As you noted, Matplotlib backends sometimes require extra steps to run in virtual environments.

That being said, the documentation linked above also indicates that TkAgg should be available:

[...] the Tk framework (TkAgg backend) does not require any external dependencies and is normally always available.

I use Ubuntu, and I assumed TkAgg would be relying on PyGObject.

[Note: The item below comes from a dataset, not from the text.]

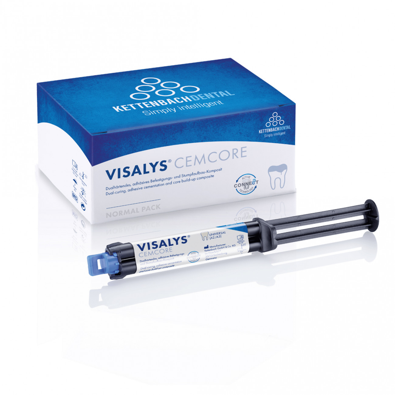 Visalys CemCore — это цемент, композит двойного отверждения для адгезивной фиксации. Подходит для фиксации всех непрямых реставраций и совместим со всеми стоматологическими материалами (металл, оксидная керамика, силикатная керамика и т. д.). Наряду с традиционными реставрациями, такими как коронки и мостовидные протезы, могут быть изготовлены и зафиксированы очень сложные реставрации, такие как мосты Мэриленд (адгезивные мосты), требующие чрезвычайной адгезионной прочности и высокоэстетичные реставрации, такие как виниры, требующие точной обработки и высокой стабильности цвета. Visalys CemCore также можно использовать для безопасного и простого восстановления культи.

That option has a note itself that links to build instructions.

Following the PyGObject build instructions, I went to install its system dependencies:

sudo apt-get install -y python3-venv python3-wheel python3-dev
sudo apt-get install -y libgirepository1.0-dev build-essential \
  libbz2-dev libreadline-dev libssl-dev zlib1g-dev libsqlite3-dev wget \
  curl llvm libncurses5-dev libncursesw5-dev xz-utils tk-dev libcairo2-dev

Then added the following Python dependencies to my project's virtual environment:

  • pycairo
  • pygobject
# inside my project's virtual environment
pip install pycairo
pip install pygobject

Once that done, running my project as usual displayed the expected graph.

Notes

  • I'm using Ubuntu 18.04.2 and Python 3.6.8 in the virtual environment of my project.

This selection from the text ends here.